Варвар бился совершенно иначе. Его прямой меч с длинным клинком был предназначен для того, чтобы отражать атаки врага и наносить рубящие удары в ответ. Тем не менее по ловкости и силе Конан ничуть не уступал искусному Шраддхе. Было очевидно, что киммериец не в первый раз имеет дело с подобным стилем фехтования.
Несколько раз казалось, будто Шраддха вот-вот сокрушит Конана, но варвар всегда успевал принять изогнутую саблю на меч, после чего, отбросив соперника назад, переходил в атаку.

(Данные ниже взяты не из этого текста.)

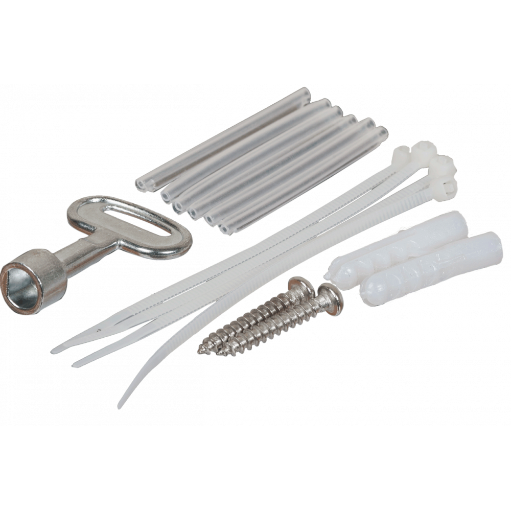 Установка кросса может быть осуществлена на прилагаемые дюбеля и саморезы. Конструкция крепления позволяет размещать бокс на столбах, стенах. В комплект входит ключ, при помощи которого обеспечивается плотная фиксация крышки кросса.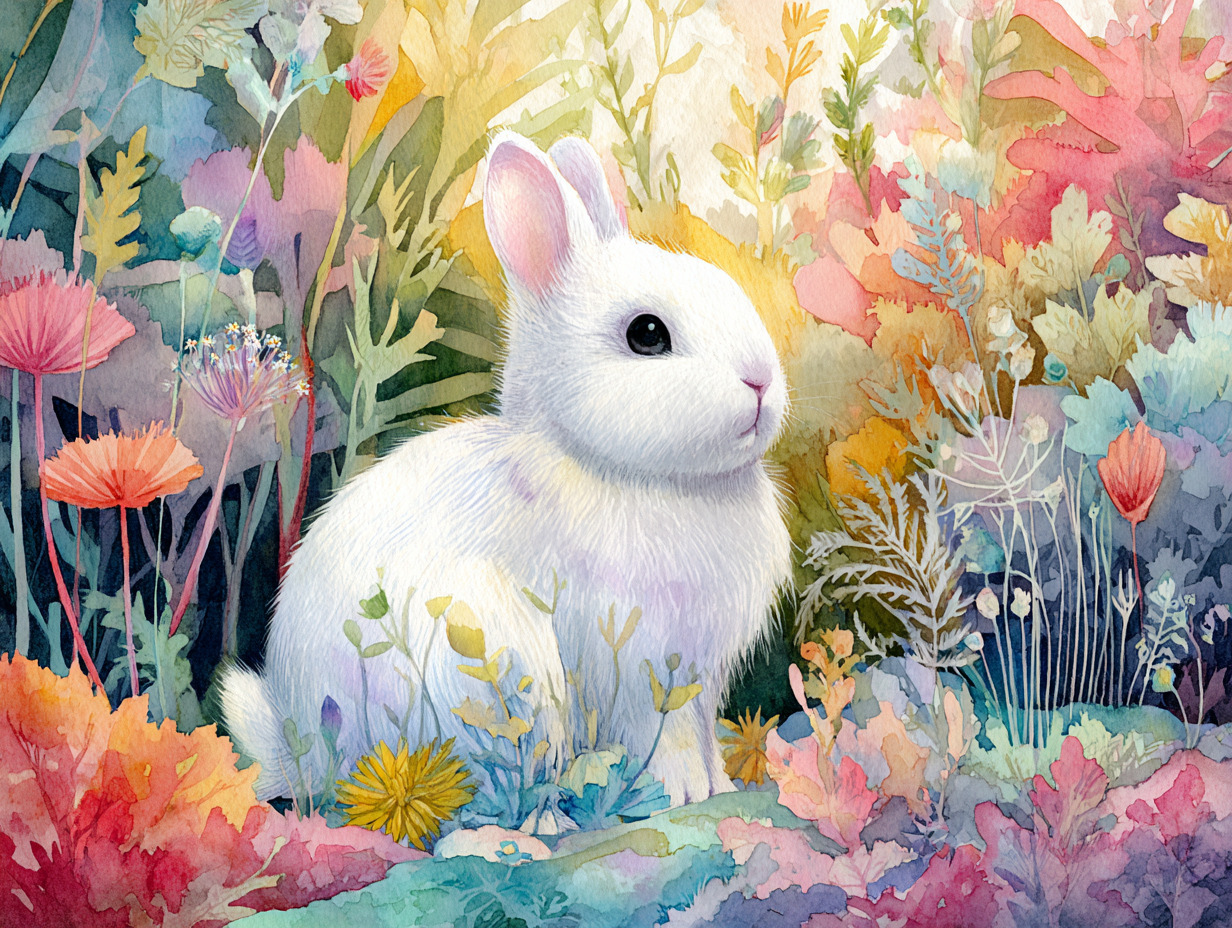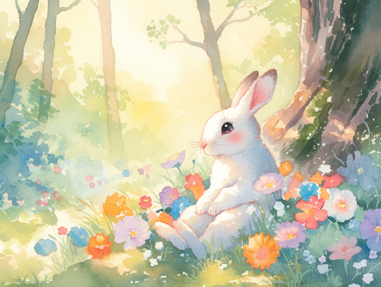 a fluffy white rabbit sitting in a sunny forest, surrounded by colorful flowers, watercolor illustration, soft pastel colors, gentle atmosphere, children's book illustration --ar 4:3
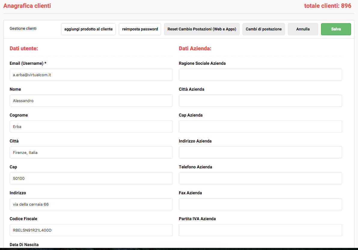 - Entrare nel dettaglio del cliente cliccando sull'icona modifica (icona a forma d'ingranaggio)
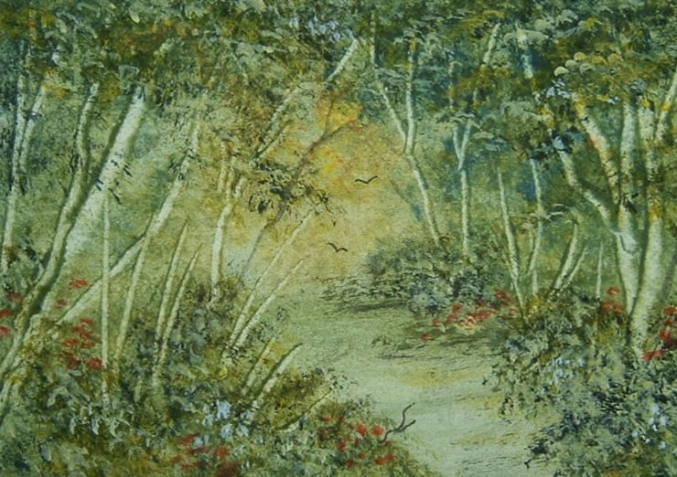 This tiny woodland scene has been created using quality acrylics. It will come in a clear polybag to protect it. This is an original and not a print. An aceo is a miniature painting that measures just 2.5" x 3.5" and is highly collectable. It can be framed or displayed in a photo album.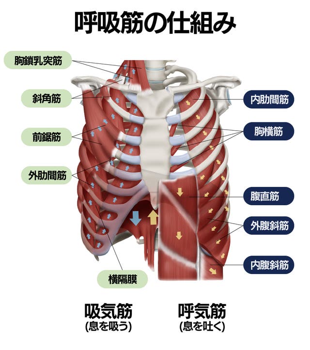 呼吸は肺を動かせる筋肉である横隔膜を中心に「吸気筋」と「呼気筋」と呼ばれる筋肉の収縮&弛緩によってできます。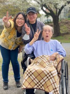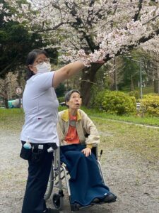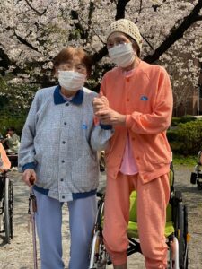この日はちょうど面会に来られていたご家族もいらっしゃり、一緒にお花見へ。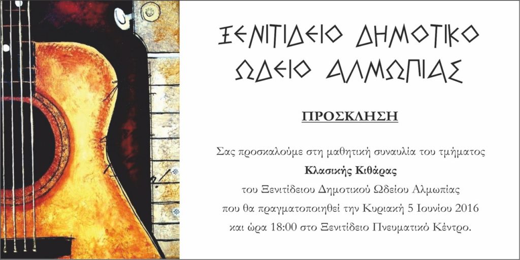 Πρόσκληση Μαθητικής συναυλίας στο Ξενιτίδειο Δημοτικό Ωδείο Αλμωπίας
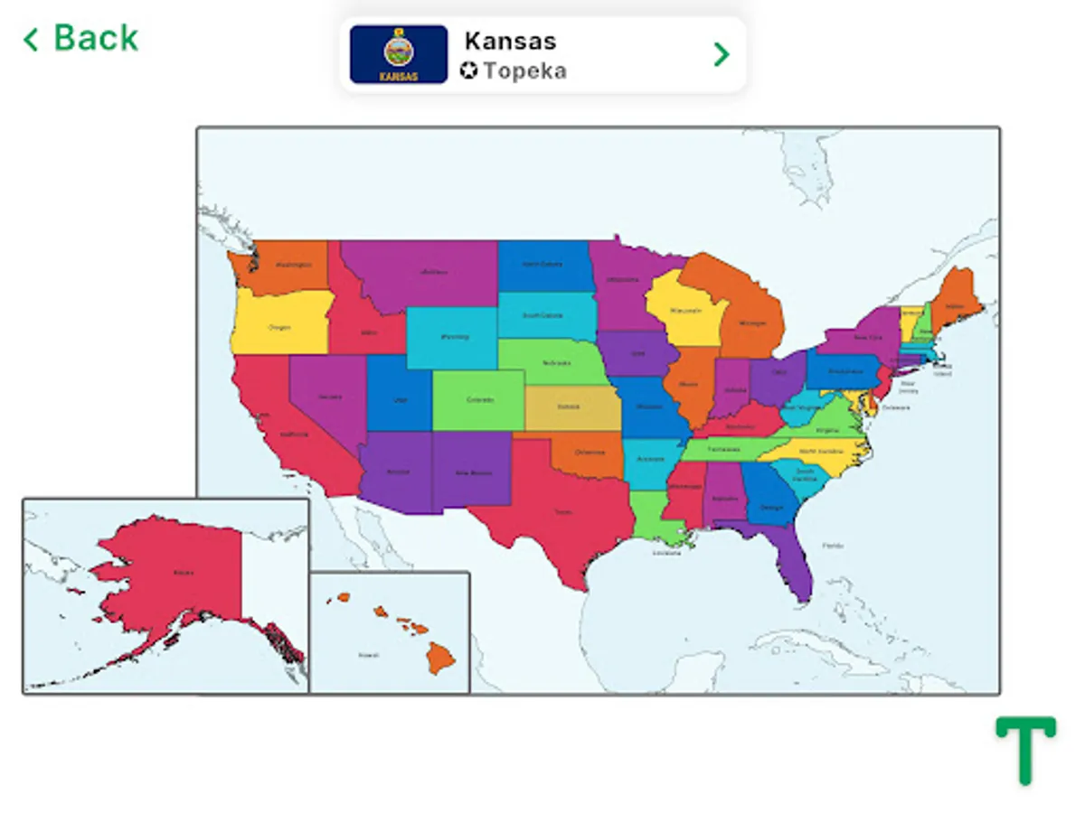 This app has a political world map on which you can find the location and border of various countries. Also it has addition menu where you can find a lot of additional content. At this moment it has one addition “States of the Unites States” where you can learn state’s location, flag, capital, area and population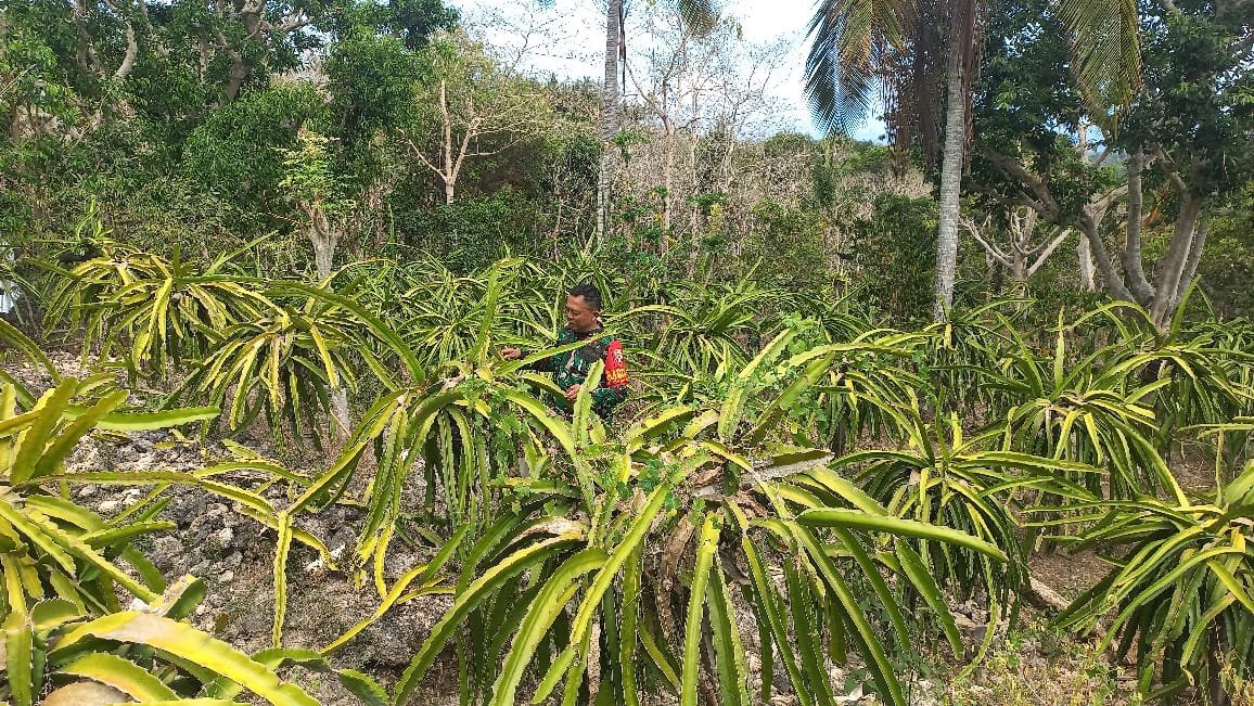 Sebagai Babinsa, kami akan terus hadir membantu dan mendampingi warga dalam berbagai sendi kehidupan, salah satunya Hanpangan budidaya buah naga ini,ucap Serda Sang Made.

Наконец Конан сделал решающий ход и остановил свой меч в ладони от головы Шраддхи.
— Я убил тебя, — сообщил варвар, переводя дыхание и убирая меч.
Шраддха, посеревший от страха, принужденно рассмеялся.
— Делать нечего! Признаю свое поражение, — сказал воин раджи. — Ты действительно великолепный боен. Немногим удавалось одержать надо мной верх. Да и то — такое происходило в те годы, когда я был очень молод.
— Стало быть, ты еще достаточно молод, — миролюбиво усмехнулся Конан.
* * *
Высоко в небе кружит орел. Завис в небе, почти не взмахивая крылами. Взгляни на него — и покажется, будто время течет медленнее, а потом и вовсе замирает, и будет стоять неподвижно, пока пронзительный крик птицы не позволит ему тронуться с места. Должно быть, нет ничего, что укрылось бы от орлиного взора. Сверху ему далеко видны необъятные джунгли и широкая равнина, покрытая серебристой травой.